We see that subject 1 had an event at time 306 days, subject 2 had an event at time 455 days, subject 3 was censored at time 1010 days, etc.

The survfit() function creates survival curves using the Kaplan-Meier method based on a formula. Let’s generate the overall survival curve for the entire cohort, assign it to object s1, and look at the structure using str():

s1 <- survfit(Surv(time, status) ~ 1, data = lung)
str(s1)

List of 17
 $ n        : int 228
 $ time     : num [1:186] 5 11 12 13 15 26 30 31 53 54 ...
 $ n.risk   : num [1:186] 228 227 224 223 221 220 219 218 217 215 ...
 $ n.event  : num [1:186] 1 3 1 2 1 1 1 1 2 1 ...
 $ n.censor : num [1:186] 0 0 0 0 0 0 0 0 0 0 ...
 $ surv     : num [1:186] 0.996 0.982 0.978 0.969 0.965 ...
 $ std.err  : num [1:186] 0.0044 0.00885 0.00992 0.01179 0.01263 ...
 $ cumhaz   : num [1:186] 0.00439 0.0176 0.02207 0.03103 0.03556 ...
 $ std.chaz : num [1:186] 0.00439 0.0088 0.00987 0.01173 0.01257 ...
 $ type     : chr "right"
 $ logse    : logi TRUE
 $ conf.int : num 0.95
 $ conf.type: chr "log"
 $ lower    : num [1:186] 0.987 0.966 0.959 0.947 0.941 ...
 $ upper    : num [1:186] 1 1 0.997 0.992 0.989 ...
 $ t0       : num 0
 $ call     : language survfit(formula = Surv(time, status) ~ 1, data = lung)
 - attr(*, "class")= chr "survfit"

Some key components of this survfit object that will be used to create survival curves include:

time: the timepoints at which the curve has a step, i.e. at least one event occurred
surv: the estimate of survival at the corresponding time

Kaplan-Meier plots

We will use the {ggsurvfit} package to generate Kaplan-Meier plots. This package aims to ease plotting of time-to-event endpoints using the power of the {ggplot2} package. See http://www.danieldsjoberg.com/ggsurvfit/index.html for details.

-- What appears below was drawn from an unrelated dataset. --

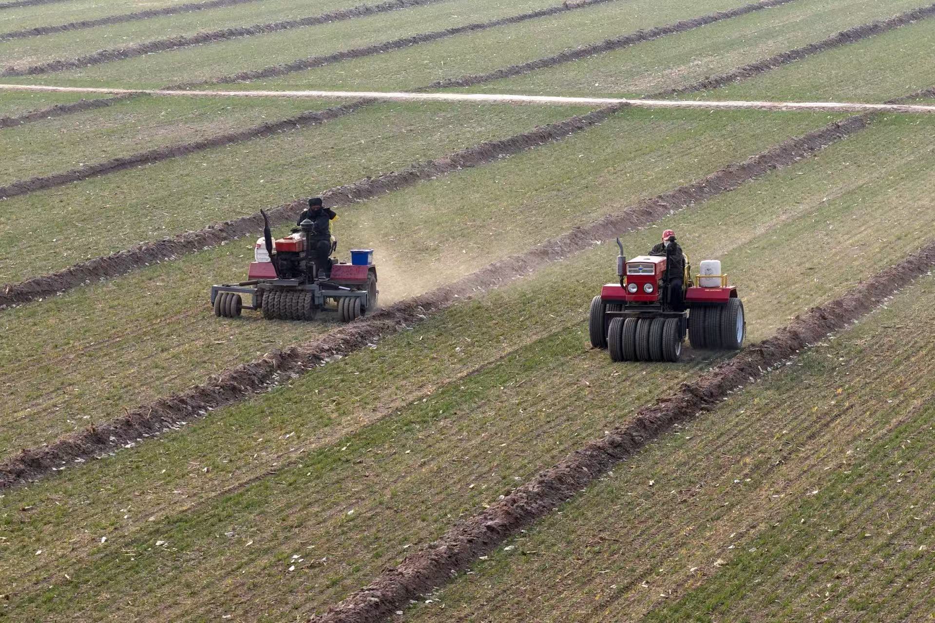 12月11日,在山東省聊城市茌平區(qū)杜郎口鎮(zhèn)袁莊新村,農(nóng)機(jī)手駕駛農(nóng)機(jī)進(jìn)行麥田鎮(zhèn)壓作業(yè),提高小麥保暖防凍能力。馬紅坤攝

Note: alternatively, survival plots can be created using base R or the {survminer} package.

The {ggsurvfit} package works best if you create the survfit object using the included ggsurvfit::survfit2() function, which uses the same syntax to what we saw previously with survival::survfit(). The ggsurvfit::survfit2() tracks the environment from the function call, which allows the plot to have better default values for labeling and p-value reporting.

survfit2(Surv(time, status) ~ 1, data = lung) %>% 
  ggsurvfit() +
  labs(
    x = "Days",
    y = "Overall survival probability"
  )

The default plot in ggsurvfit() shows the step function only. We can add the confidence interval using add_confidence_interval():

survfit2(Surv(time, status) ~ 1, data = lung) %>% 
  ggsurvfit() +
  labs(
    x = "Days",
    y = "Overall survival probability"
  ) + 
  add_confidence_interval()

Typically we will also want to see the numbers at risk in a table below the x-axis. We can add this using add_risktable():

survfit2(Surv(time, status) ~ 1, data = lung) %>% 
  ggsurvfit() +
  labs(
    x = "Days",
    y = "Overall survival probability"
    ) + 
  add_confidence_interval() +
  add_risktable()

Plots can be customized using many standard {ggplot2} options.

Estimating \(x\)-year survival

One quantity often of interest in a survival analysis is the probability of surviving beyond a certain number of years, \(x\).

For example, to estimate the probability of surviving to \(1\) year, use summary with the times argument (Note: the time variable in the lung data is actually in days, so we need to use times = 365.25)

summary(survfit(Surv(time, status) ~ 1, data = lung), times = 365.25)

Call: survfit(formula = Surv(time, status) ~ 1, data = lung)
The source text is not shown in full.